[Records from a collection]
+ + + + +

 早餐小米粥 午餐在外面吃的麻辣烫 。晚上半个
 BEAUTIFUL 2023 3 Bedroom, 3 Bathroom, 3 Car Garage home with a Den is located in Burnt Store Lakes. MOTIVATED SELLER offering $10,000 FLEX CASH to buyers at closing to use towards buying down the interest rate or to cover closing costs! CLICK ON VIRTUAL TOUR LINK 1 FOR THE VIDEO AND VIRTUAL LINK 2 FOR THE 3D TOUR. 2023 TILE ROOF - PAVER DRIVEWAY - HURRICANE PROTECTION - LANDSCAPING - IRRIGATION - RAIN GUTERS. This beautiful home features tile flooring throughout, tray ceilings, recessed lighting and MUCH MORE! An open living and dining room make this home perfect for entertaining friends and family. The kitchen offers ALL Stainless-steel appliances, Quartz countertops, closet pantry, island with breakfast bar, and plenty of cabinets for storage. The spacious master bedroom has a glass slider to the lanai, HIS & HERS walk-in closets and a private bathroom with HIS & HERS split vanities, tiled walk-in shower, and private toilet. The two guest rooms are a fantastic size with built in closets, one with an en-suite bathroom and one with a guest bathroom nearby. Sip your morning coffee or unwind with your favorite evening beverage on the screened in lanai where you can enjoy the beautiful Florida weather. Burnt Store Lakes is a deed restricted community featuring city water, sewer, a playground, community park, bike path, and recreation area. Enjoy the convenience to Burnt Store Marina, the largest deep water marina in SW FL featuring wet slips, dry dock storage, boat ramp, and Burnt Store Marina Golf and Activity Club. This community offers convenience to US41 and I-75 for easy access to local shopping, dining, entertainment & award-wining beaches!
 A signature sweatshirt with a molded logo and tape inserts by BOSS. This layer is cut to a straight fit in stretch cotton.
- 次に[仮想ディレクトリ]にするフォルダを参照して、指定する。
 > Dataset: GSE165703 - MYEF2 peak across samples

+ + + + +

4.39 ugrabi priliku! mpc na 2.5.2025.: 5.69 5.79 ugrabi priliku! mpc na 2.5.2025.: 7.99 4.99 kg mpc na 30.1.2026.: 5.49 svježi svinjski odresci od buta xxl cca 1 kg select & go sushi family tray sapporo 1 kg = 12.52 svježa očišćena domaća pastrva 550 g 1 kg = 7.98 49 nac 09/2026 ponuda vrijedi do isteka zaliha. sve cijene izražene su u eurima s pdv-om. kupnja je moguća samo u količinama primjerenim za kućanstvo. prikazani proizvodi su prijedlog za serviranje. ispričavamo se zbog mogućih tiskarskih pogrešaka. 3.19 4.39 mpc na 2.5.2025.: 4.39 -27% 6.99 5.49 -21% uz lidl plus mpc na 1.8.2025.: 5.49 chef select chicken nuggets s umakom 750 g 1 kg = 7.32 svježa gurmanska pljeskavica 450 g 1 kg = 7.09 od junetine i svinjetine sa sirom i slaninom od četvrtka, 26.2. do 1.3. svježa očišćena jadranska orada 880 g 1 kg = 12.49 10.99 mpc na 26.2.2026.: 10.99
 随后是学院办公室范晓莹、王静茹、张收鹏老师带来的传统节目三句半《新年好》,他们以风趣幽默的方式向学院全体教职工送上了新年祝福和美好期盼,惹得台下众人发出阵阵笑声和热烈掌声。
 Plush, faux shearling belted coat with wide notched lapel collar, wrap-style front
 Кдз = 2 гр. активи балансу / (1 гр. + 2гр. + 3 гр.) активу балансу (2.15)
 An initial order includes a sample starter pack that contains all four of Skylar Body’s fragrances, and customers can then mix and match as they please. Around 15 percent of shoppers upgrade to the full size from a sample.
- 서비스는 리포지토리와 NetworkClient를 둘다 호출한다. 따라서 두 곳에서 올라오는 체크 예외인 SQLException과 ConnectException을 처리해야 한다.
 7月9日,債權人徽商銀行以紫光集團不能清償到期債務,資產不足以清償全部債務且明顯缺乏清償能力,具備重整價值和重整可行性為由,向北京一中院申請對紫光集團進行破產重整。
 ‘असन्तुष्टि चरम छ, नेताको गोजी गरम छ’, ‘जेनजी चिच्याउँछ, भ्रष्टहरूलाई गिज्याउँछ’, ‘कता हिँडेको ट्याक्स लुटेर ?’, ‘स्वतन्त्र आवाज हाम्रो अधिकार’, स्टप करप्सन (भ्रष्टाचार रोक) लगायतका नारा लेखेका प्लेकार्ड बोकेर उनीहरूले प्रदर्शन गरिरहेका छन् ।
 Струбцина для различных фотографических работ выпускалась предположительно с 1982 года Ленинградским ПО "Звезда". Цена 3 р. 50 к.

+ + + + +

Starting at the line above that holds "An initial order" and ending at the line that holds "Струбцина для различных", transcribe each line exactly and include no other lines.

(Your solution):
 An initial order includes a sample starter pack that contains all four of Skylar Body’s fragrances, and customers can then mix and match as they please. Around 15 percent of shoppers upgrade to the full size from a sample.
- 서비스는 리포지토리와 NetworkClient를 둘다 호출한다. 따라서 두 곳에서 올라오는 체크 예외인 SQLException과 ConnectException을 처리해야 한다.
 7月9日,債權人徽商銀行以紫光集團不能清償到期債務,資產不足以清償全部債務且明顯缺乏清償能力,具備重整價值和重整可行性為由,向北京一中院申請對紫光集團進行破產重整。
 ‘असन्तुष्टि चरम छ, नेताको गोजी गरम छ’, ‘जेनजी चिच्याउँछ, भ्रष्टहरूलाई गिज्याउँछ’, ‘कता हिँडेको ट्याक्स लुटेर ?’, ‘स्वतन्त्र आवाज हाम्रो अधिकार’, स्टप करप्सन (भ्रष्टाचार रोक) लगायतका नारा लेखेका प्लेकार्ड बोकेर उनीहरूले प्रदर्शन गरिरहेका छन् ।
 Струбцина для различных фотографических работ выпускалась предположительно с 1982 года Ленинградским ПО "Звезда". Цена 3 р. 50 к.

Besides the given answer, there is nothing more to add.